At worst, we end up producing a machine that perfectly emulates human behaviour and at best the 10 GW data centres of the future produce an LLM with emergent capabilities; this we don’t know for sure. It’s still just a huge bet.

If we stick to our current data-inefficient but compute-efficient paradigm (no reason to deviate yet) then will have to come up with a way to traverse past the public data wall. There is a reason I’m calling it the public data wall. We live in the Zettabyte era ( $10^{21}$ bytes) so it’s hard to imagine that our AI models are chewing up a significant portion of that exponent term. But our private data reserves are equally impressive.
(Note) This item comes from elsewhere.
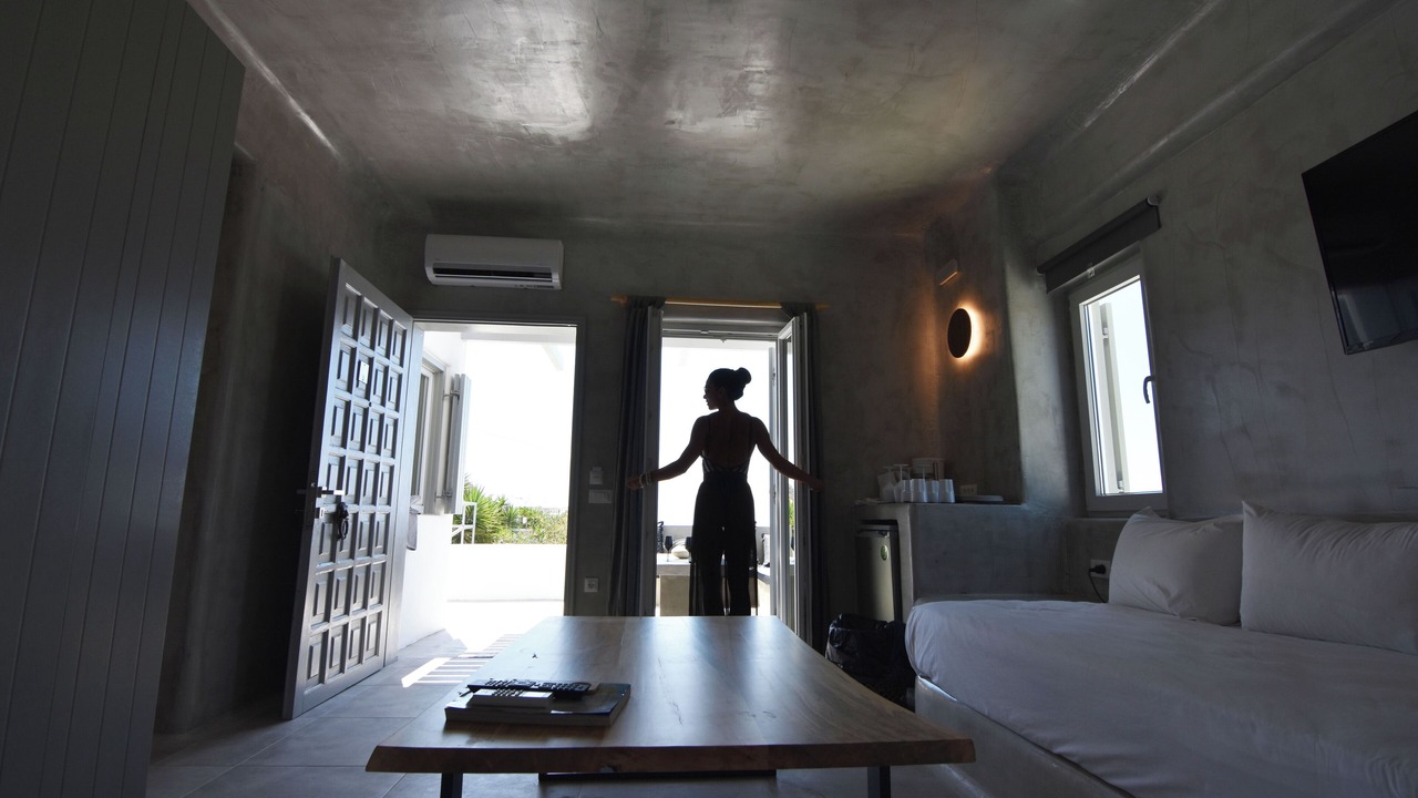 This Iconic Design Superior Suite is a spacious unit with one bedroom, separate space for the living room, large bathroom and balcony. The ideal location at the top floor of the new building and the spacious balcony, give panoramic views to Paradise beach and to the Aegean Sea.

JP Morgan alone holds 450 petabytes in the chest locked away from all non-staff. There’s an argument to be made that private data could hold more value in unlocking cancer-curing AGI over scraping all of Wikipedia and Reddit. Who knows, maybe a clunky blog written by a conspiracy theorist from his aunt’s basement could hold the answer to unlocking the Riemann Hypothesis; but probably not.

Even the slightest chance of emergence is worth the investment. Many astute individuals claim it is self-evident that LLMs cannot supersede human-level intelligence since a transformer-encoder-decoder array of matrix-multiplying machines cannot reason. Yes, ChatGPT cannot reason about entirely new scenarios not included in its training data. But what is the reason? Do we understand how humans reason? LLMs are already showing inklings of reasoning by learning overarching structures such as language syntax and using that to translate low-resource languages bidirectionally.
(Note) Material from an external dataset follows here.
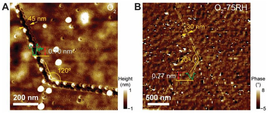 (A) AFM height image of line unzipping from O2-treated MoS2 sample. (B) AFM phase image of line unzipping from O2-75RH-treated MoS2 sample. It is noteworthy that the phase image was selected to display cracks. Line profile was obtained from the corresponding height image.

So maybe what’s needed is for JP Morgan, Meta and Pfizer to sign licensing deals with AI labs so we can barrage through the data wall without having to turn to lame and uncreative compromises like synthetic data generation. Seriously, whoever thinks it’s a good idea to let these hallucinogenic models train themselves hasn’t listened to a musician endlessly practice a song on a poorly tuned instrument. Without access to higher-quality input, they’ll only reinforce the flaws, no matter how much they practice. There might be an exception with easy-to-verify training sets like NP problems and computer programs. Certainly not natural language.

And the Superstructure?

As amazing as LLMs are (and will continue to be), the race to build the pre-frontal cortex is more vital.

If AGI can be a network of different models that have been designed to communicate with each other, over extremely low latencies to transmit and receive signals, each model can specialise in certain tasks, similar to how natural selection has architected our human brains. The occipital lobe specialises in vision, the parietal lobe in spatial awareness etc. The billion-dollar question is: How will different models built by different tech companies communicate with each other to produce a stronger super system? Could this be the TCP/IP moment of AI?